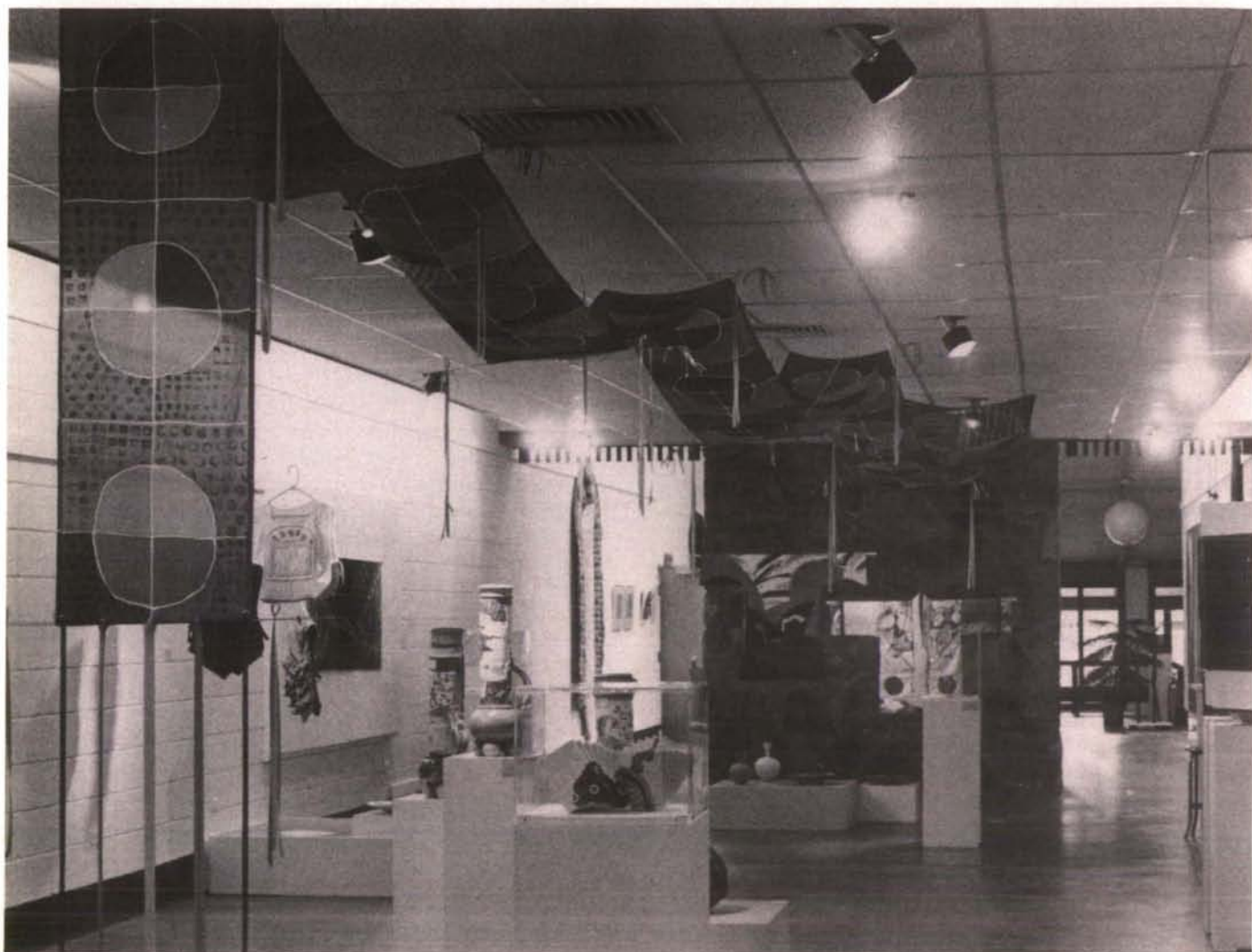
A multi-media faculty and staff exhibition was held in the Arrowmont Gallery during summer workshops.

--

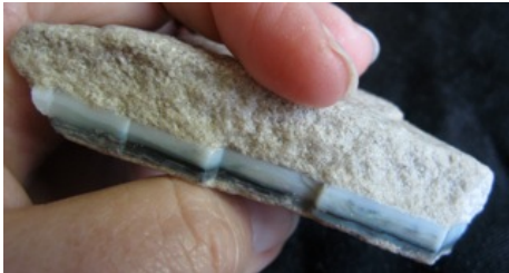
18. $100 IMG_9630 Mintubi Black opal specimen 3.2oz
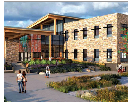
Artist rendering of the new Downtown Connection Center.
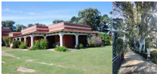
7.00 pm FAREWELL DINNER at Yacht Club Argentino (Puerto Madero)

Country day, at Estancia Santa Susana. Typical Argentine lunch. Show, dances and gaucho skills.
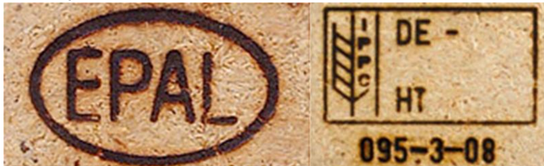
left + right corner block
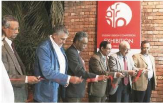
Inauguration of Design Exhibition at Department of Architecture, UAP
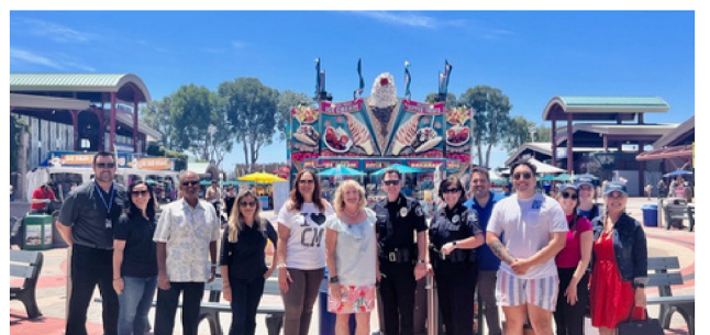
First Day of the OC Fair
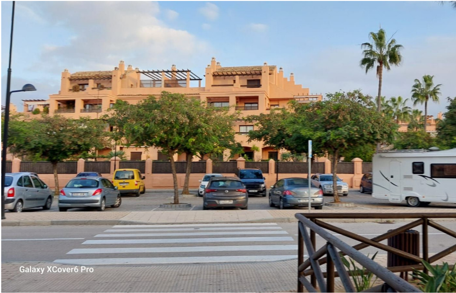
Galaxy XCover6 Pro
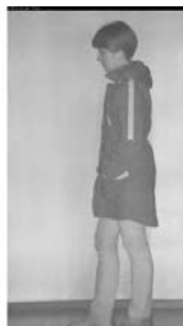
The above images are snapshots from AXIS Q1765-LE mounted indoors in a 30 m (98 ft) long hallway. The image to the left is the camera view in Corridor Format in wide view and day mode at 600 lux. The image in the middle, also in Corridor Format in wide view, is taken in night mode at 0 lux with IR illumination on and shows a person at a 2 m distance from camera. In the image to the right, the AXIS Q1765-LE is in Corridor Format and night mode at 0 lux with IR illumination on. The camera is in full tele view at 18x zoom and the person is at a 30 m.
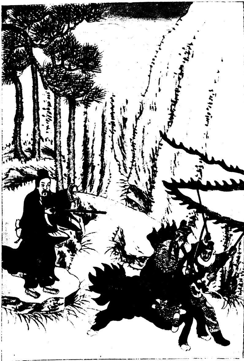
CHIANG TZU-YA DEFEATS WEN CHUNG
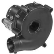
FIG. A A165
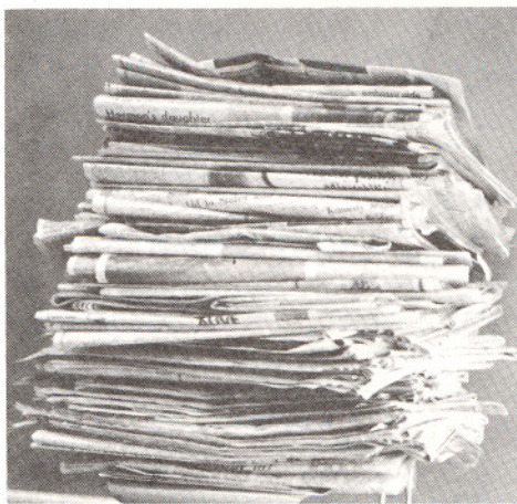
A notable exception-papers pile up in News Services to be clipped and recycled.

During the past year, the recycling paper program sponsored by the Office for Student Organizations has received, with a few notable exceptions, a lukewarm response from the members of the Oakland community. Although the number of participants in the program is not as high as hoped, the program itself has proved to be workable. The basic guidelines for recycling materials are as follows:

* Activity *
Go line by line through the data and copy any that contain "notable".

* Response to the exercise *
A notable exception-papers pile up in News Services to be clipped and recycled.
During the past year, the recycling paper program sponsored by the Office for Student Organizations has received, with a few notable exceptions, a lukewarm response from the members of the Oakland community. Although the number of participants in the program is not as high as hoped, the program itself has proved to be workable. The basic guidelines for recycling materials are as follows:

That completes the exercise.